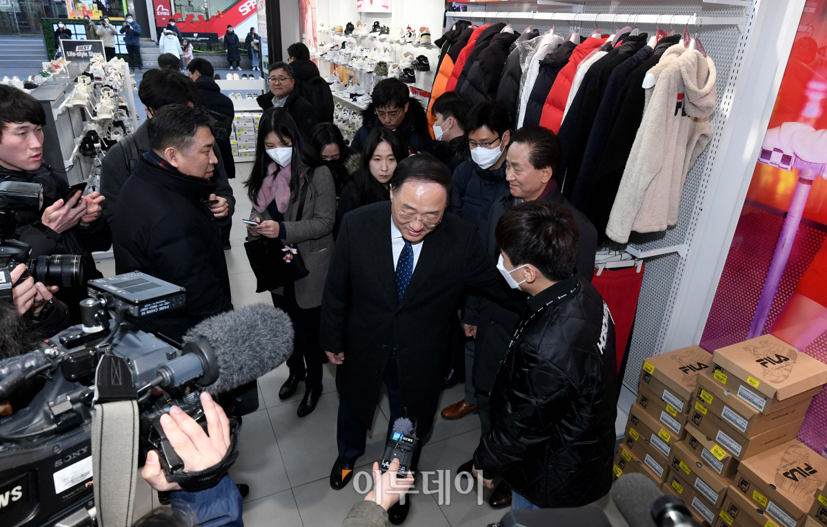 홍남기 부총리 겸 기획재정부 장관이 신종 코로나바이러스 현장 실태 점검을 위해 3일 서울 명동의 한 신발 판매점을 찾아 관계자를 격려하고 있다.
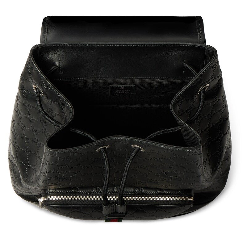 GG Emblem系列以饰GG印花压纹图案光面皮革焕新演绎品牌历久弥新的优雅风范和精湛工艺。这款全新系列的背包功能多样,配备一个带衬垫的笔记本电脑隔层,背面设有带衬垫的网布背片。织带提环细节令整个廓形魅力更显。
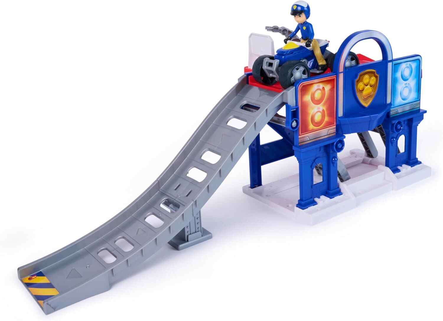 Introducing the PAW Patrol Search & Rescue Lift 'N' Repair playset, bringing adventure and creativity home. Measuring over 76 cm long, this set includes an exclusive 9 cm Ryder figure in his search and rescue uniform, along with his trusty Speedy vehicle. Kids can drive Ryder onto the platform, lift him into the repair station, and use the claw arm to simulate repairs. Once all done, launch him up the ramp straight into action! With a posable head and limbs, little ones can pose Ryder in different ways for rescue-filled missions. Plus, the set is compatible with other PAW Patrol vehicles and figures, allowing for even bigger fun and missions. Whether as a birthday present or for a day of play, this set is a heroic choice for kids who love action figures and toy vehicles. Relive unforgettable moments from past seasons of PAW Patrol, such as Fire Rescue or the PAW Patrol movie, or create new adventures with the pups and their vehicles for endless hours of fun inspired by the series.
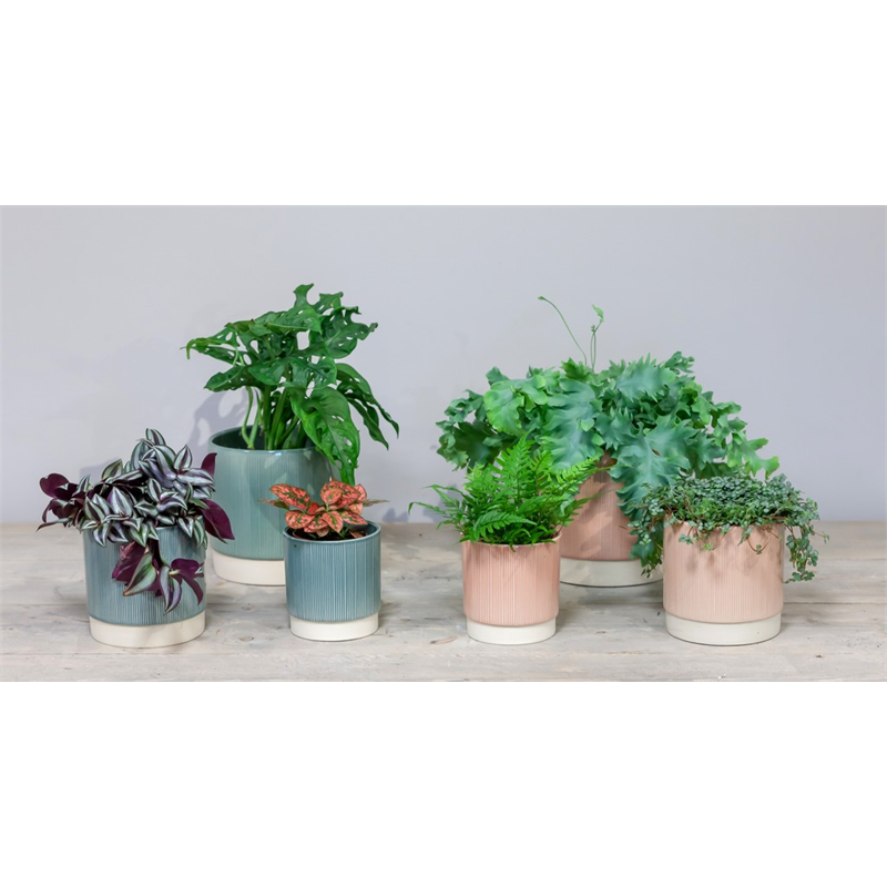 Flavio de Bela Arte es adecuado para cactus y mini plantas hasta D16. El acabado esmaltado y las líneas verticales dan a la maceta un aspecto radiante. La maceta está hecha de cerámica. Disponible en varios tamaños y diferentes colores. Debido a la gran variación en la serie, es muy agradable combinar los diferentes tamaños y colores.
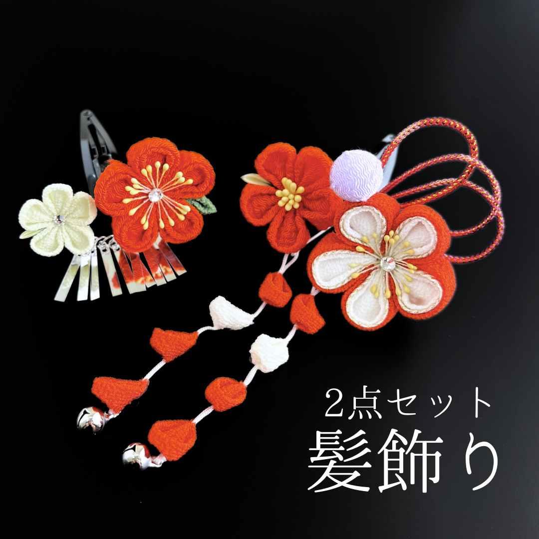 ちりめん生地の繊細なつまみ細工が、お子様の晴れ着姿を引き立てます。
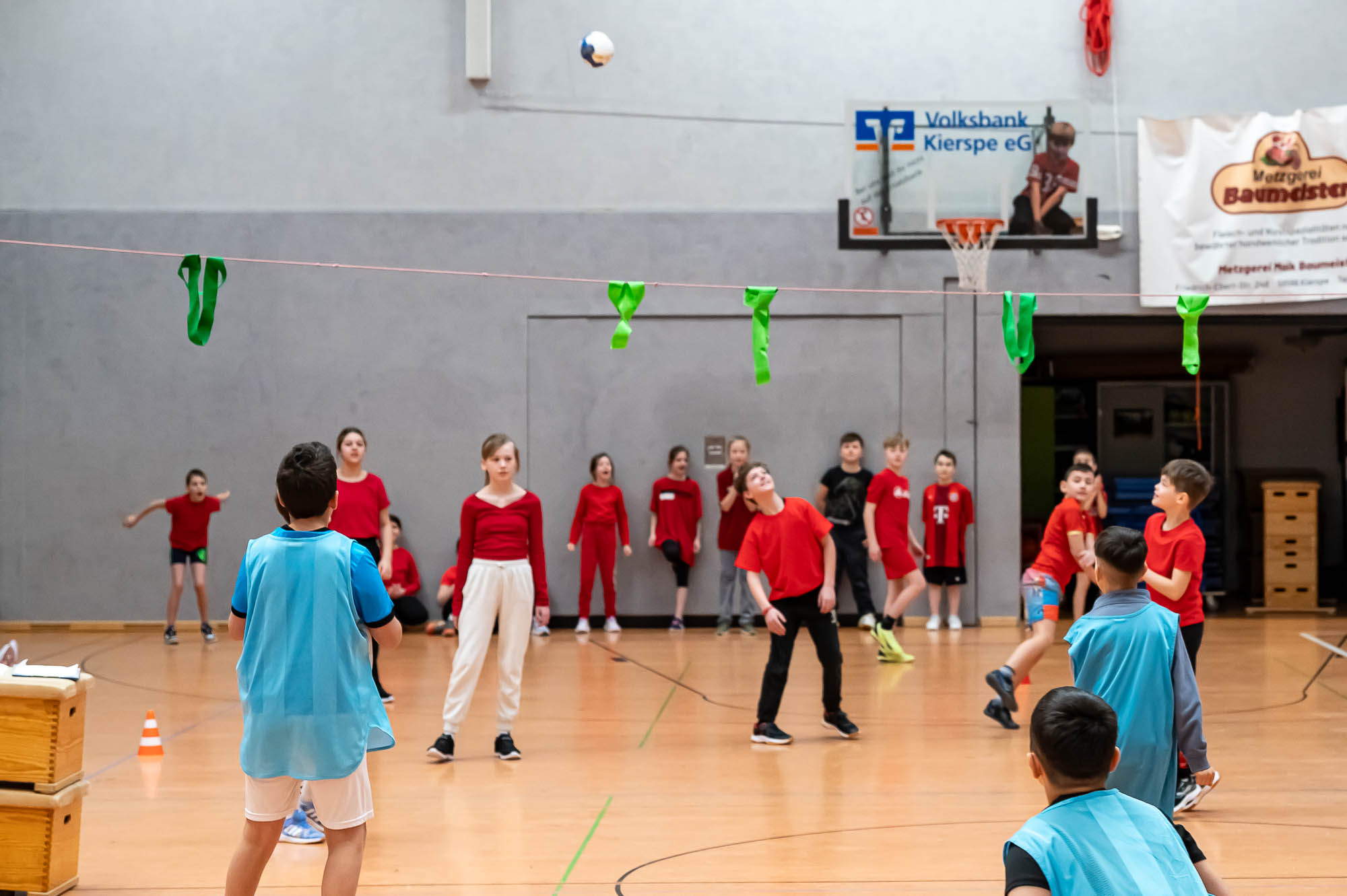 KIERSPE (mk) Nachdem sich die ersten beiden Jahrgänge der Pestalozzi- sowie der Schanhollenschule in sportlichen Wettkämpfen austoben konnten, traten am Dienstag, 18. Februar, nun die höheren Jahrgänge der Gemeinschaftsgrundschule gegeneinander an. Die dritten und vierten Klassen bildeten im Klassenverbund Mannschaften, und kämpften in verschiedenen Disziplinen um die begehrten Pokale. Ausgetragen wurde der “vielseitige Mannschaftswettkampf” in der Vierfeldhalle am Felderhof.

□ □ □

* TASK REQUIREMENTS:
Using the entries above, extract exactly the lines from the one that contains "Flavio de Bela" through the one that contains "ちりめん生地の繊細なつまみ細工が、お子様の晴れ着姿を引き立てます。". Do not carry over any pictures.

* WRITTEN SOLUTION:
 Flavio de Bela Arte es adecuado para cactus y mini plantas hasta D16. El acabado esmaltado y las líneas verticales dan a la maceta un aspecto radiante. La maceta está hecha de cerámica. Disponible en varios tamaños y diferentes colores. Debido a la gran variación en la serie, es muy agradable combinar los diferentes tamaños y colores.
 ちりめん生地の繊細なつまみ細工が、お子様の晴れ着姿を引き立てます。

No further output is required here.